I'm redoing my 50th Ann. strat with an H/S/S set up. with one volume and one tone plus a 4 pole 5-way.

My goal is to have the 5-way set up basically normal, but with position #3 (Middle position) I want to have my full humbucker and the neck pup combined. I've found some diagrams that show this to some degree, but they all end up spliting the humbucker.......I don't want that.

I'm pretty sure on the actual wiring of the 5-way, but I'm still not sure where the hot and ground come out it.

Any info or suggestions on this would be greatly appreciated..
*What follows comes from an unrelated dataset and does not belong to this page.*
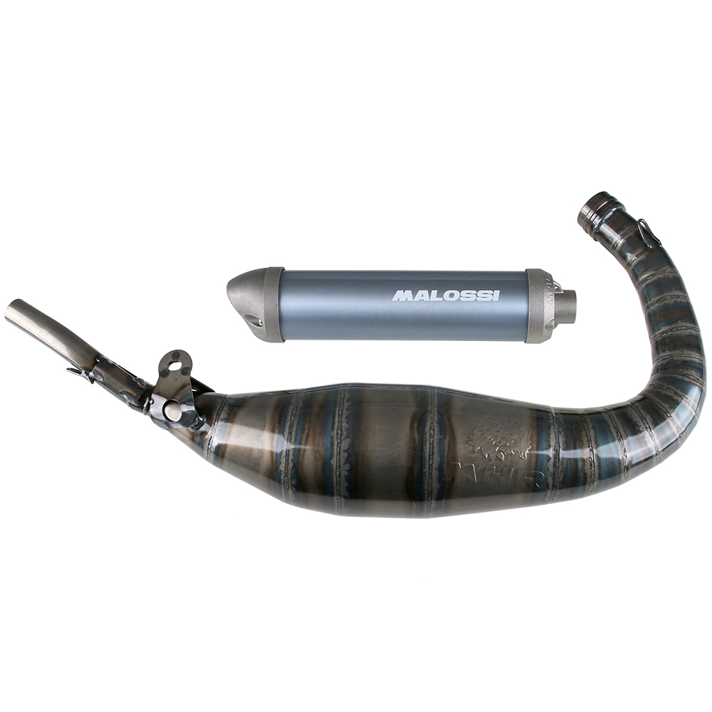 Kaikki Malossi Racing pakoputket on valmistettu tarkalleen 0,8mm teräksisistä levyistä, laserleikkauksella ja koottu erittäin tarkasti Robotti- T.I.G. ja M.I.G. -hitsauksella yhdistettynä käsinhitsaukseen oksiasetyyleenitekniikan kanssa. Lopuksi jokainen putki käydään vielä käsityönä vasaralla läpi optimaalisen viimeistelyn saavuttamiseksi. Suutinputki on kalibroitu tiukkojen toleranssien mukaan varmistaen, että paine pakoputkessa pysyy oikeissa rajoissa. Pakoputket on päällystetty kirkastetulla pinnalla ja sen mukana tulee mustaksi anodisoitu alumiininen vaimennin varustettuna Malossi logolla.

By the way, I'm going with an Evolution in the bridge, and texas specials in the mid, and neck positions. (I sold my Lindy Fralin Vintage hots...)

Thanks,
Rick
 
The easiest way to do it will be to use one pole for each of the three pickups. So, you would hook the neck pickup to possitions 1,2, 3 on one pole; the middle pickup to 2 and 4 on another pole; and the bridge pickup to 3, 4, 5 on a third pole. The other pole would be unused, and you can tie the commons for your three poles to one another. The ground would go to whatever you are using as a ground point (or buss, or however you are doing it).



Light

"Cowards can never be moral."
M.K. Gandhi
 
Thanks for the reply!!!!...........I was beginning to wonder if anyone would respond to this.........or if anyone actually knew much about wiring....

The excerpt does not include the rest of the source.